I'm struggling on how can I use logistic regression when I have a database where 99% of the responses are 0 ('NO') and 1% are 1 ('YES'). I'm afraid by using somethin like zero-inflated, since it is not counting. Any hint on where I can find a solution, or some technique to apply?

I'm not 'stuck' in this model, I`d like to compare with others, like Decision Tree. But I had this same problem using this approach.

Ga13
  • 278
  • What do you want to use the logistic regression or decision tree to do? – Dave Aug 16 '21 at 19:35
  • The reason is because I need the interpretability of the coefficients, and in the case of logistics, because I have a binary response variable. – Ga13 Aug 16 '21 at 19:37
  • But what do you want to do? – Dave Aug 16 '21 at 19:37
  • Get how much each covariate explains the response variable. – Ga13 Aug 16 '21 at 19:40
  • 1
    What happens when you fit the logistic regression?

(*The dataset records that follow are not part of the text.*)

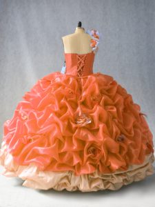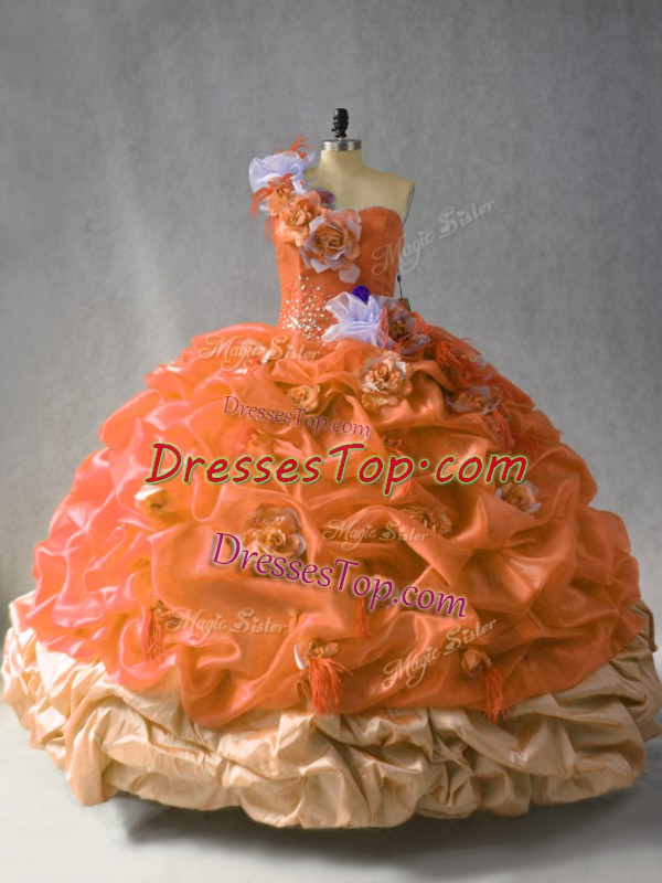 Enchanting Rust Red One Shoulder Neckline Beading and Pick Ups and Hand Made Flower Quince Ball Gowns Sleeveless Lace Up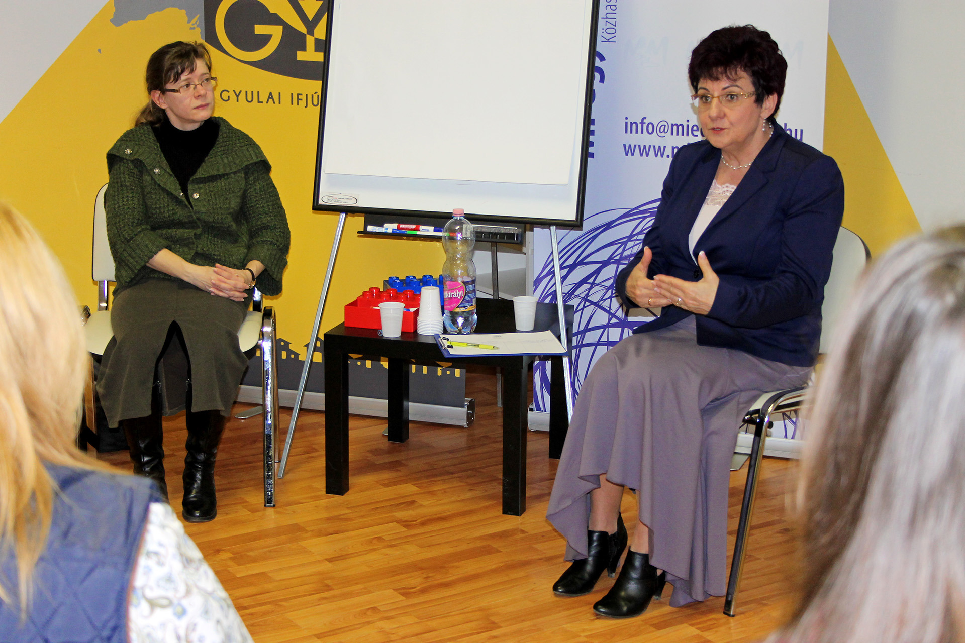 Izgalmas eszmecserének lehettünk fültanúi Szabó Andrea pedagógiai szakpszichológus és Szicsek Margit tanácsadó szakpszichológus közös pedagógus csoportfoglalkozásán a Gyulai Ifjúsági Központban. A GYIK és a Mi egy Másért Gyulai Gyermekekért és Ifjúságért Közhasznú Egyesület által szervezett programsorozat első alkalmán a szülővel való helyes és hatékony kommunikációról, valamint az ezzel kapcsolatos nehéz helyzetek kezeléséről társaloghattunk a szakemberekkel.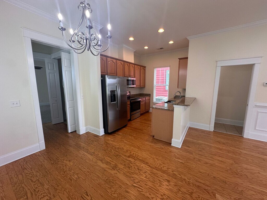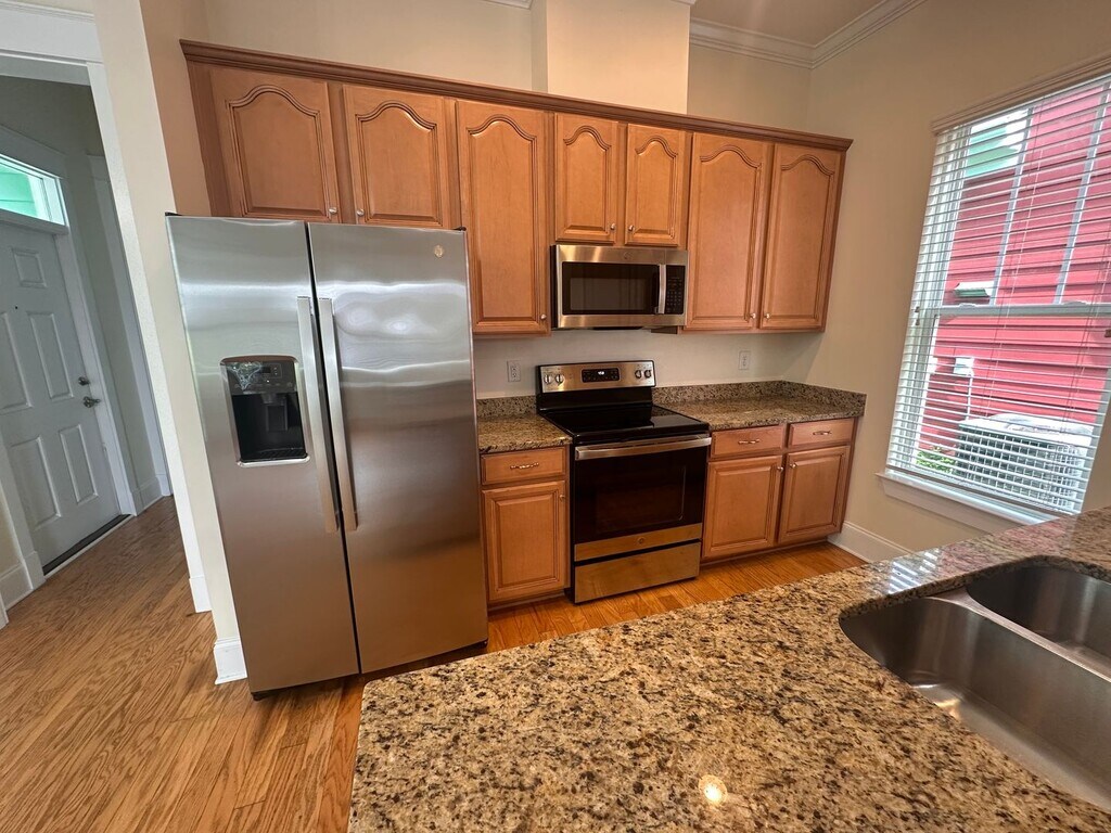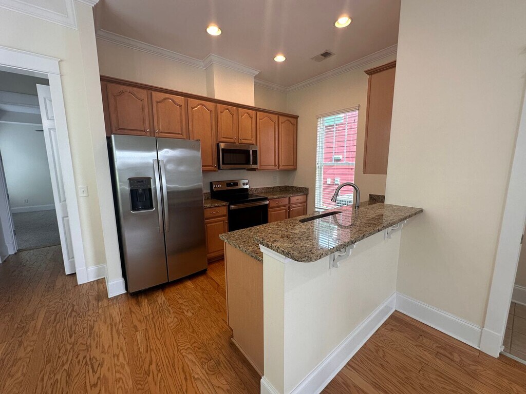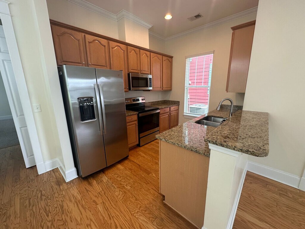 A perfect place to call home! This spacious home located in Sweetgrass Square at the Market Common has a family friendly floorpan with plenty of room to spread out! Walking in from the wide front porch entering the open plan is instantly welcoming with real hardwood flooring throughout the living room, dining area and kitchen. The kitchen has granite counters and stainless steel appliances with lots of cabinet space. The first floor master bedroom has NEW carpet and great closet space and the attached master bath has double sinks and a stand up shower. Upstairs is a large second living area that would also be perfect for a home office or play space. There are two additional bedrooms and two bathrooms on this level as well as a completely finished bonus room off of the back bedroom, great for storage or additional living space. The home also features a full size washer and dryer, two car garage and a small side yard. Walk to parks, shopping, dining and Horry Georgetown Tech. Less than two miles to the beach (free public parking available from the City of Myrtle Beach) Rent includes front and rear lawn care (tenant is responsible for side yard). Small dogs and cats conditional with additional deposit. New carpet, hard flooring and new washer/dryer pair!

The unequal number of YES and NO responses is not a problem for logistic regression. – Dave Aug 16 '21 at 19:40
  • What's key is the absolute number of Y=1 regardless of the proportion having Y=1. What is that frequency? That will be the limiting sample size with regard to ability to develop a reliable model. – Frank Harrell Aug 16 '21 at 20:58

1 Answers1

0

This is a common occurrence in machine learning and exactly the issue of that gets discussed on here so often. The typical recommendation is to do nothing, as class imbalance is minimally problematic. Even the bounty-earning answer to the linked question discusses a solution to cost minimization through clever experimental design, rather than what to do once you have the data.

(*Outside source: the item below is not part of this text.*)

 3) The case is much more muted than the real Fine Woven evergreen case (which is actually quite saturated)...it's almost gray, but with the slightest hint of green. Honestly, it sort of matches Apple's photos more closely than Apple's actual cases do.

I have thought about if a a zero-inflated Bernoulli likelihood might be helpful, but this kind of hierarchy winds up not making sense to me: you can represent the low probability of vategory $1$ through the zero-inflated model, or you can just predict low probabilities and use a model that is not as complicated (can deal with just a Bernoulli variable instead of some zero-inflated valiable, since a binary variable is so simple).

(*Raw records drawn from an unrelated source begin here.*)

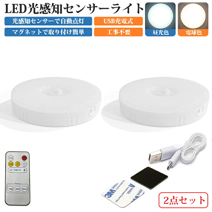 センサーライト フットライト 人感センサーライト 2個セット リモコン付 LED 屋内 室内 USB リチウム電池 足元ライト ナイトライト 人感センサー ライト 充電 階段 玄関 廊下 トイレ クローゼット 物置 工事不要 配線不要 自動点灯 消灯 光センサー マグネット 点灯モード付
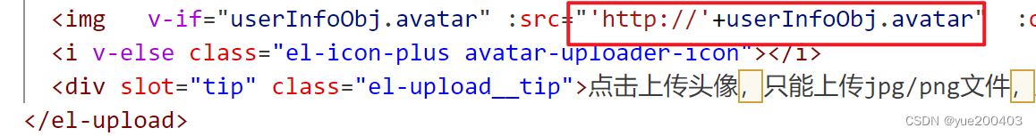 - <div slot="tip" class="el-upload__tip">点击上传头像,只能上传jpg/png文件,且不超过1mbdiv>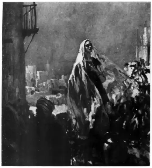 Gouthia did not sleep that night. Morning came with elfin lights and rose-red shadows. It came with the teeming of streets and bazaars and, from the minaret of the Mosque of the Swords, with the muezzin's call to the first prayer of the day. It came, at last, with the thud of the knocker on the outer gate, and Gouthia ran to the latticed balcony and looked out. Down below was Hassan.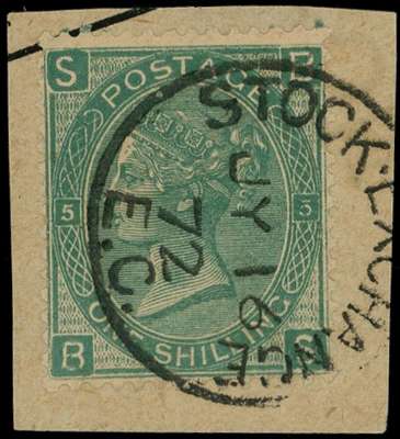 1872 Stock Exchange Forgery Pl.5. Very fine used example with impossible lettering lettered BS, tied to a small piece of telegraph form by a Stock Exchange cds for JY.16.1872. SG117. Cat. £1500.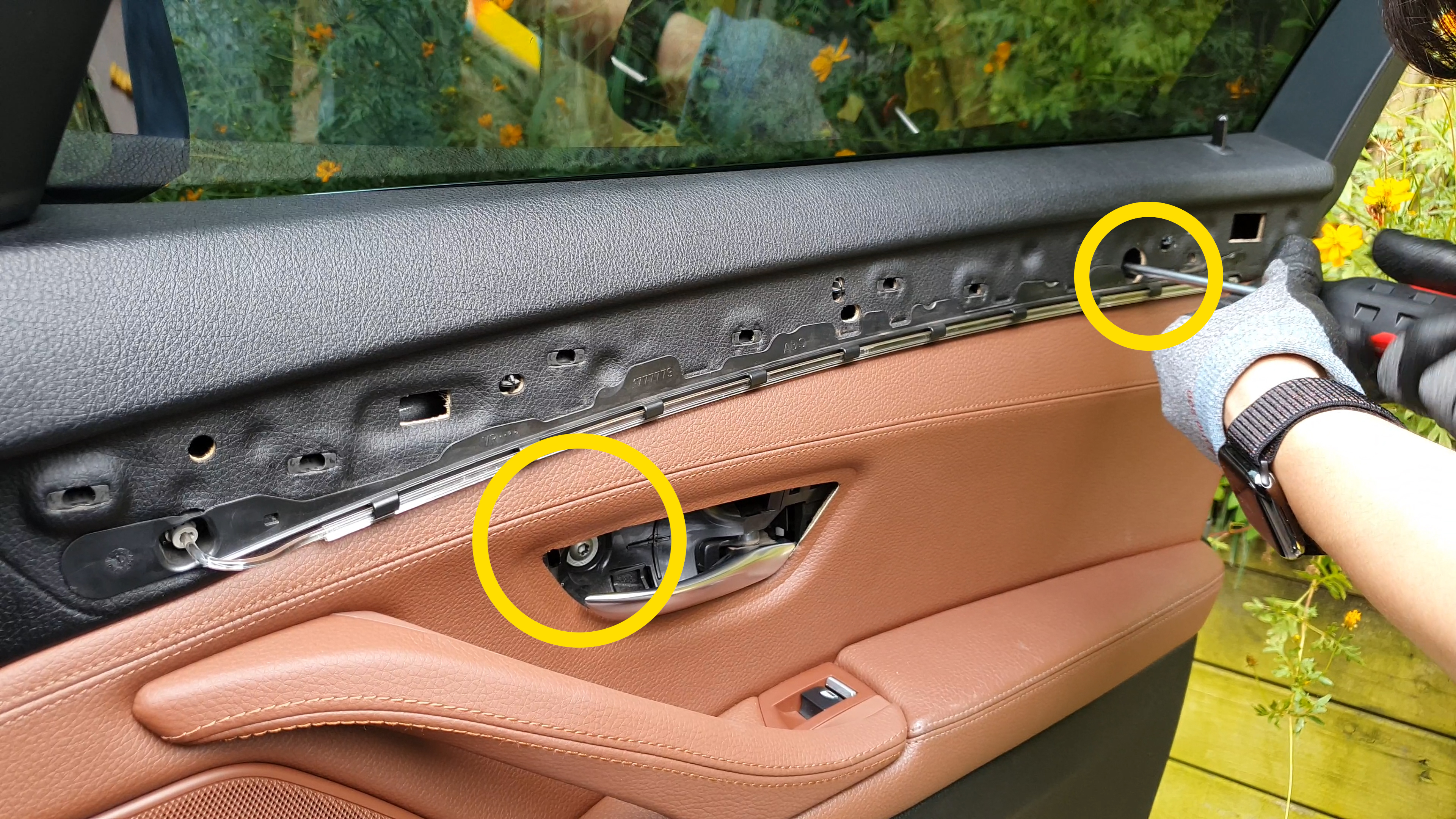 우선 헤라를 이용하여 사진에 도어 가니쉬 부분을 탈거해줍니다

An issue you might encounter is that all or almost all of the outcomes might be predicted to belong to the majority category (typically coded as $0$). This is an artifact of your software imposing an arbitrary threshold (typically a probability of $0.5$) to bin the continuous outputs into discrete categories. As you change the threshold, you can have predictions ranging from all predicted as category $0$ to all predicted as category $1$. However, this means that you no longer evaluate the original but, instead, the models in conjunction with a decision rule that maps predictions below a threshold to one category and predictions above the threshold to the other.

Dave
  • 62,186